• SOURCE DATA:

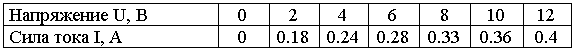 Я подал на лампочку напряжение(U =0; =2; =4; =6; =8; =10; =12) и измерил силу тока (I =0,18; =0,24; =0,28; =0,33; =0,36; =0,4).
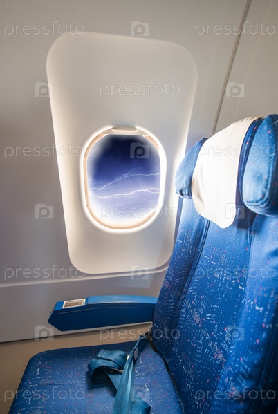 Гроза во время полета. Вид из иллюминатора
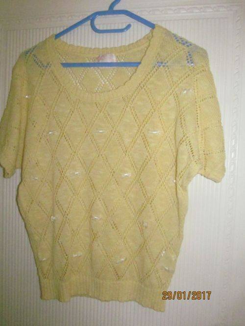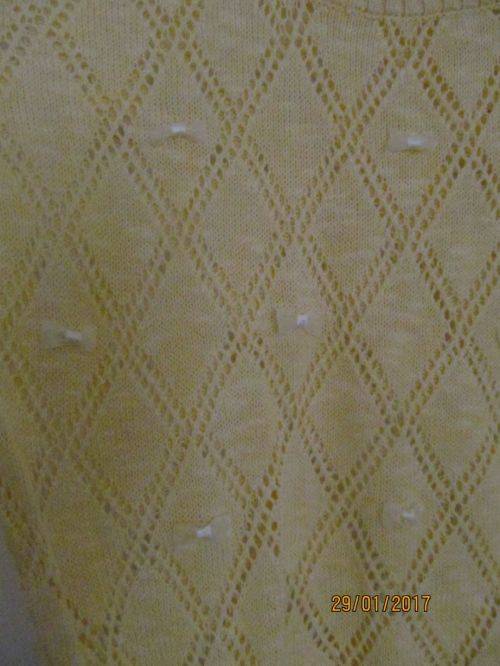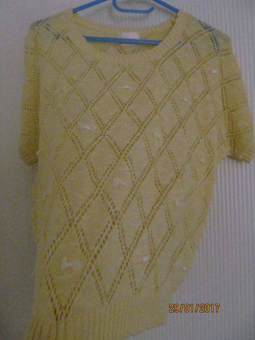 This Beautiful Casual wear item has short sleeves and is versatile with the items you choose to wear it with. A lovely Diamond pattern has been used in the knit and refreshing yellow bows adorn the front
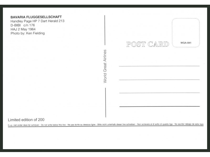 World Great Airlines WGA-1421; 148x104 mm; neu

• WHAT TO PRODUCE:
The line containing "Гроза во время полета. Вид из иллюминатора" marks the end: retype every line from the first one in the listing up to and including it, without pictures.

• ANSWER:
 Я подал на лампочку напряжение(U =0; =2; =4; =6; =8; =10; =12) и измерил силу тока (I =0,18; =0,24; =0,28; =0,33; =0,36; =0,4).
 Гроза во время полета. Вид из иллюминатора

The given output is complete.